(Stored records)
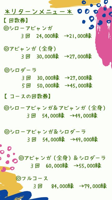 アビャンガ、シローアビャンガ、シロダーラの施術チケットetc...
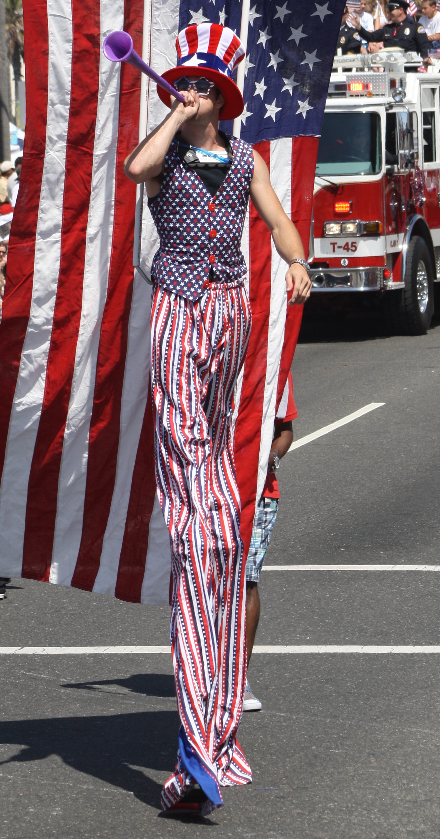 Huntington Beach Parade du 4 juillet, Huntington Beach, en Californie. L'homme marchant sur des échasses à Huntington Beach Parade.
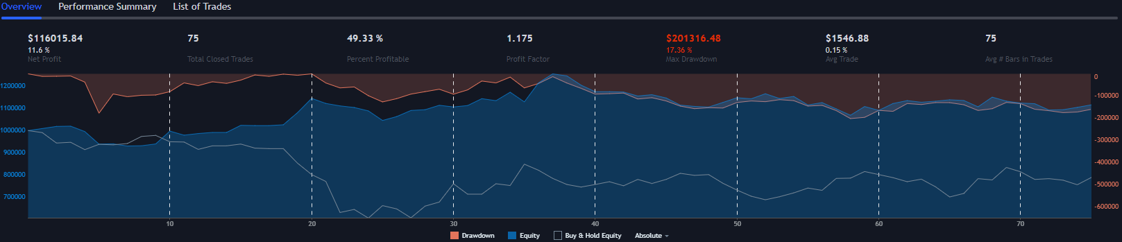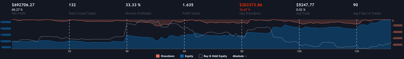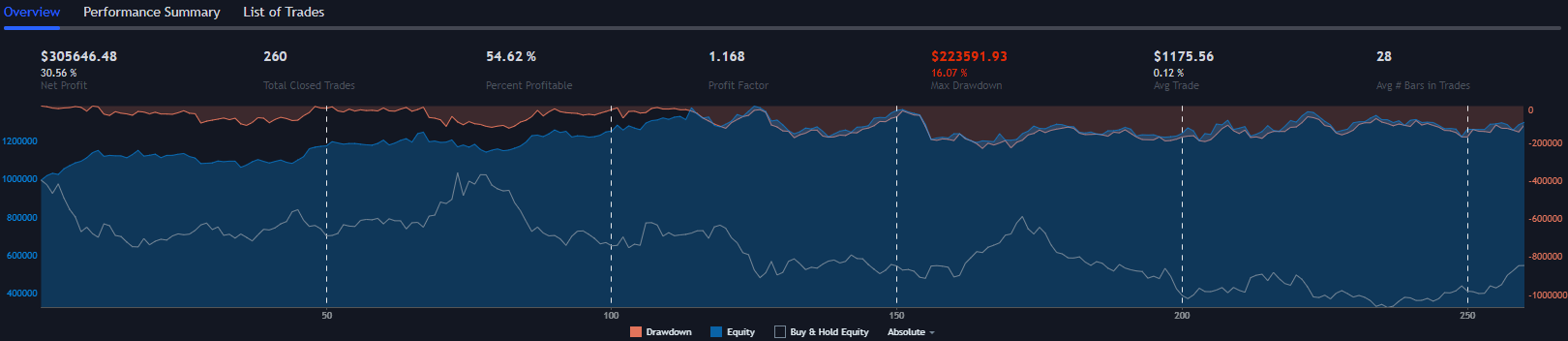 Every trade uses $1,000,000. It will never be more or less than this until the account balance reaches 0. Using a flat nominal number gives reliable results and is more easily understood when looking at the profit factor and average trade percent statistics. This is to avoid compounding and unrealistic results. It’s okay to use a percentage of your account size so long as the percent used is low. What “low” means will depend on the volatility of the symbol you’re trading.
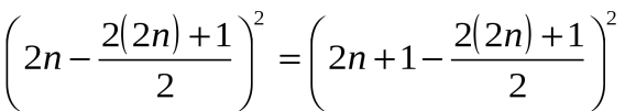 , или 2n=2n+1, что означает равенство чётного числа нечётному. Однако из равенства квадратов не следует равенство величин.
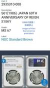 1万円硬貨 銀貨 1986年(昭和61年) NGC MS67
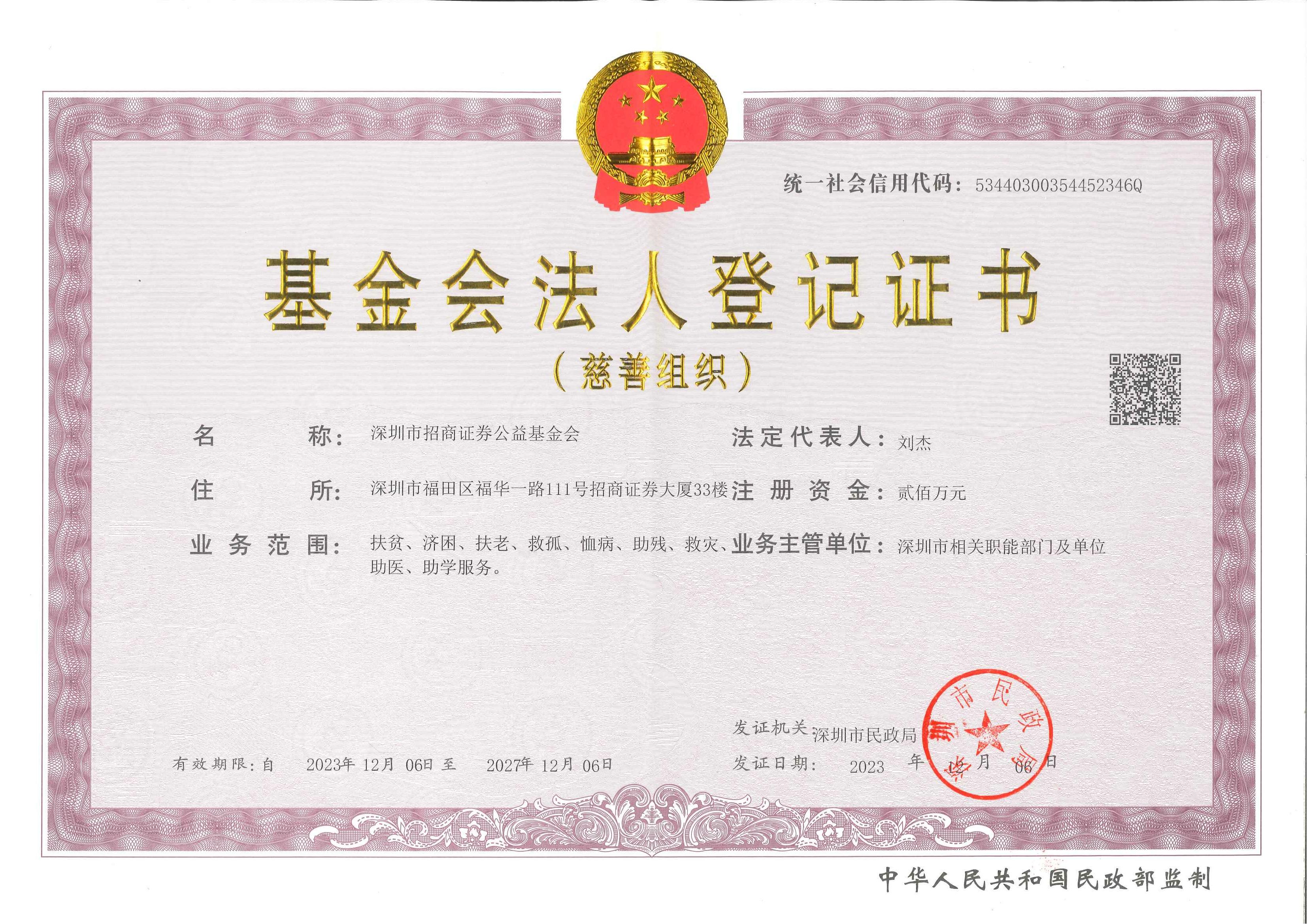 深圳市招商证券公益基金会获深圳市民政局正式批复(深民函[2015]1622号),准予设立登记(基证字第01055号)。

# [Directions]
Only the lines from where the data begins to the line with "Huntington Beach Parade du", both of them included, should be reproduced word for word; no pictures.

# [Answer space]
 アビャンガ、シローアビャンガ、シロダーラの施術チケットetc...
 Huntington Beach Parade du 4 juillet, Huntington Beach, en Californie. L'homme marchant sur des échasses à Huntington Beach Parade.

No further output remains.